[DATA]

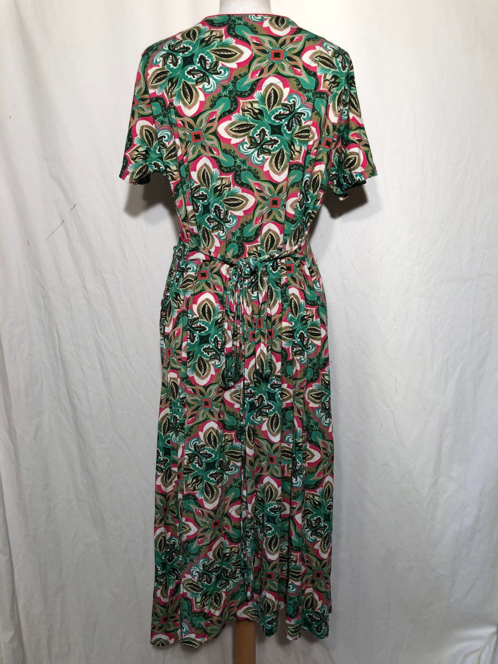 Didi groen print jurk met overslag op de buste en strik op de achterzijde maat 48
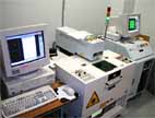 レーザー加工装置 (中央が装置の本体、左右はコントロール装置)
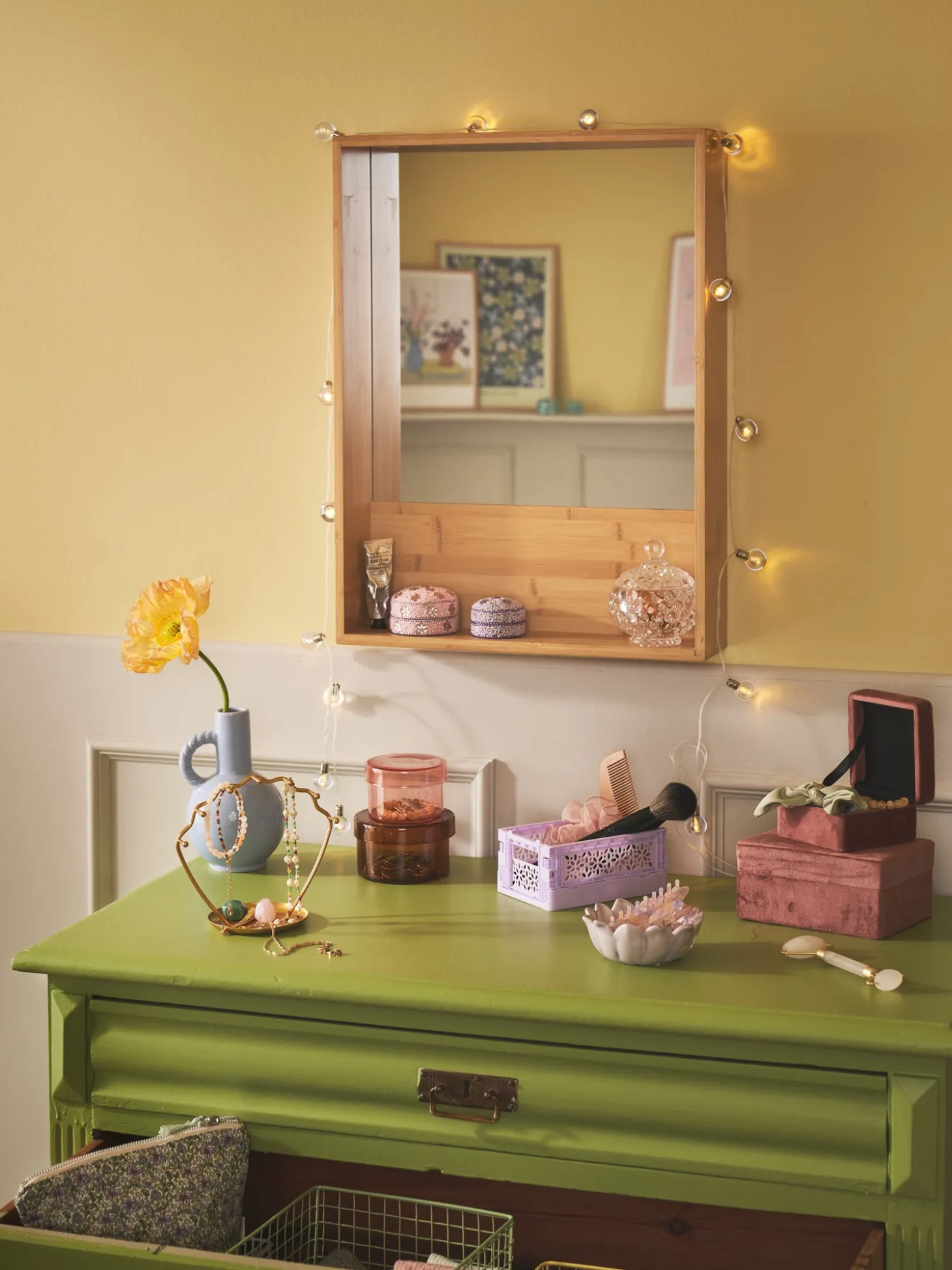Søstrenes hylde med spejl er lavet af 100% FSC®-certificeret bambus og måler 41 x 10 x 55 cm.
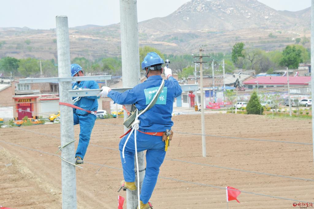 近日,国网忻府区供电公司开展“学党史、强技能、践使命、优服务”技能大赛。来自公司所属供电所、供电服务站、电建分公司的21支代表队的63名选手分别参加了登杆作业、装表接线等技能比武,在全公司上下形成了“学党史、强技能、践使命、优服务”的良好氛围,使公司更多的技术标兵、业务尖子脱颖而出。图为登杆作业比赛。(赵晨善 摄)
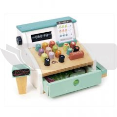 Dzieciom spodoba się kasowanie zakupów za pomocą tej zabawnej i kolorowej drewnianej kasy. Wsuń karty kredytowe wzdłuż rowka, włóż jeden z 5 wydrukowanych paragonów do szczeliny, przekręć małe pokrętło, aby wyświetlić różne ceny w okienku. Dzieci będą się dobrze bawić, naciskając różnokolorowe przyciski i otwierając tacę, aby wydać 5 drewnianych monet i 9 arkuszy kolorowych papierowych pieniędzy.
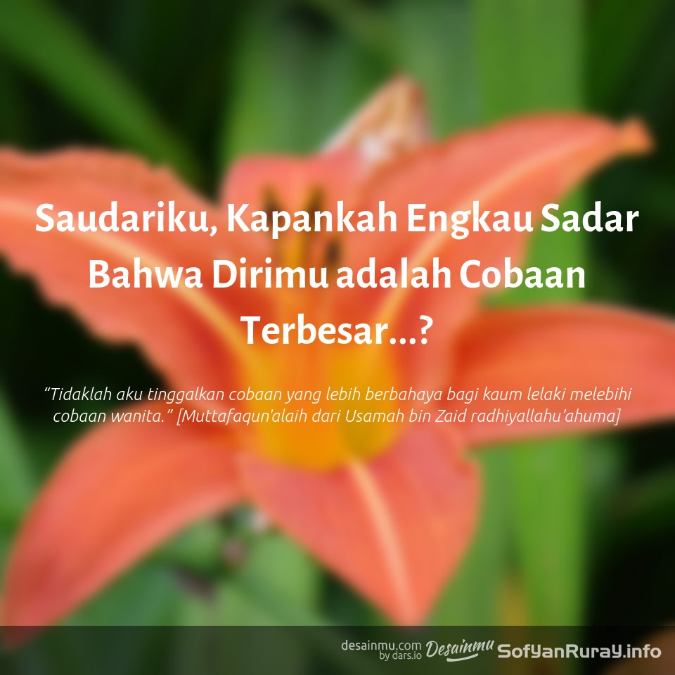 ? SAUDARIKU, KAPANKAH ENGKAU SADAR BAHWA DIRIMU ADALAH FITNAH (COBAAN) TERBESAR BAGIKU…?✅ Rasulullah…
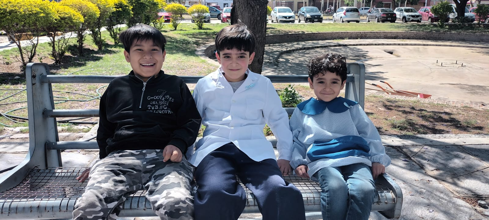 El Sr. Intendente de la Capital Dr. Gustavo Saadi y el Subsecretario Guillermo Perna, junto a los niños.
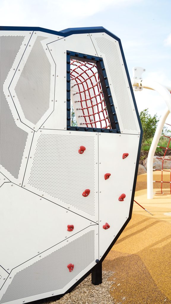 The dinosaur’s head is a masterpiece. The sculptural form was crafted using a heavy steel subframe clad in a variety of perforated metal panels. The perforations form a decorative pattern that give the unit its character, while climbing pegs secured to the panel allow little adventurers to climb Dino’s face up to a netted tunnel.
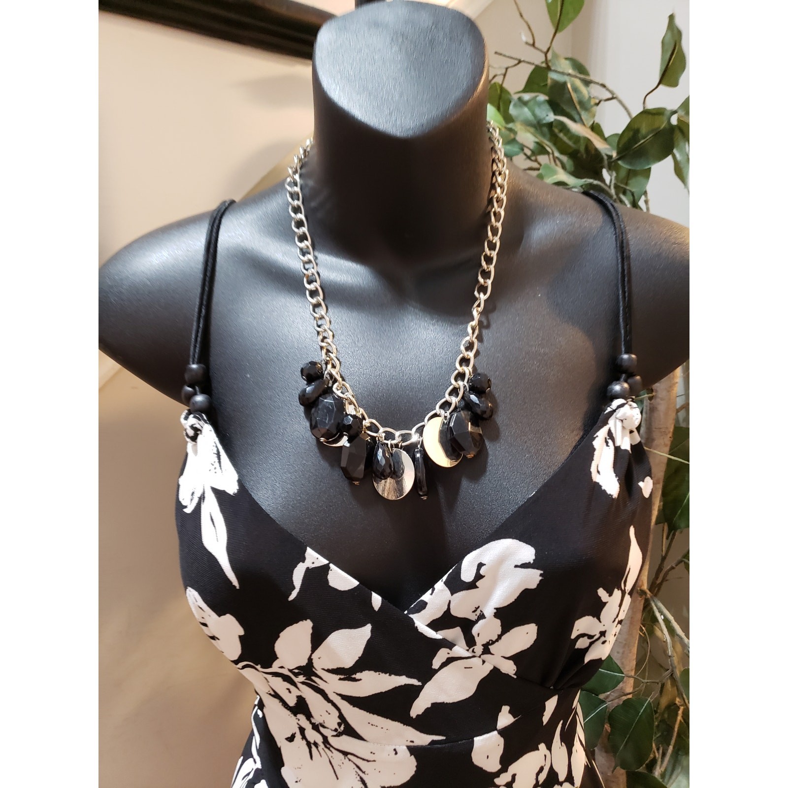 American Living Long Maxi Dress Women's 14 Black White Floral Spaghetti Strap

[/DATA]

▶ [WHAT THIS TASK INVOLVES]
Although the records contain pictures, only the text should be copied, exactly as it stands.

▶ [SOLUTION TO THE PROBLEM]
 Didi groen print jurk met overslag op de buste en strik op de achterzijde maat 48
 レーザー加工装置 (中央が装置の本体、左右はコントロール装置)
Søstrenes hylde med spejl er lavet af 100% FSC®-certificeret bambus og måler 41 x 10 x 55 cm.
 近日,国网忻府区供电公司开展“学党史、强技能、践使命、优服务”技能大赛。来自公司所属供电所、供电服务站、电建分公司的21支代表队的63名选手分别参加了登杆作业、装表接线等技能比武,在全公司上下形成了“学党史、强技能、践使命、优服务”的良好氛围,使公司更多的技术标兵、业务尖子脱颖而出。图为登杆作业比赛。(赵晨善 摄)
 Dzieciom spodoba się kasowanie zakupów za pomocą tej zabawnej i kolorowej drewnianej kasy. Wsuń karty kredytowe wzdłuż rowka, włóż jeden z 5 wydrukowanych paragonów do szczeliny, przekręć małe pokrętło, aby wyświetlić różne ceny w okienku. Dzieci będą się dobrze bawić, naciskając różnokolorowe przyciski i otwierając tacę, aby wydać 5 drewnianych monet i 9 arkuszy kolorowych papierowych pieniędzy.
 ? SAUDARIKU, KAPANKAH ENGKAU SADAR BAHWA DIRIMU ADALAH FITNAH (COBAAN) TERBESAR BAGIKU…?✅ Rasulullah…
 El Sr. Intendente de la Capital Dr. Gustavo Saadi y el Subsecretario Guillermo Perna, junto a los niños.
 The dinosaur’s head is a masterpiece. The sculptural form was crafted using a heavy steel subframe clad in a variety of perforated metal panels. The perforations form a decorative pattern that give the unit its character, while climbing pegs secured to the panel allow little adventurers to climb Dino’s face up to a netted tunnel.
 American Living Long Maxi Dress Women's 14 Black White Floral Spaghetti Strap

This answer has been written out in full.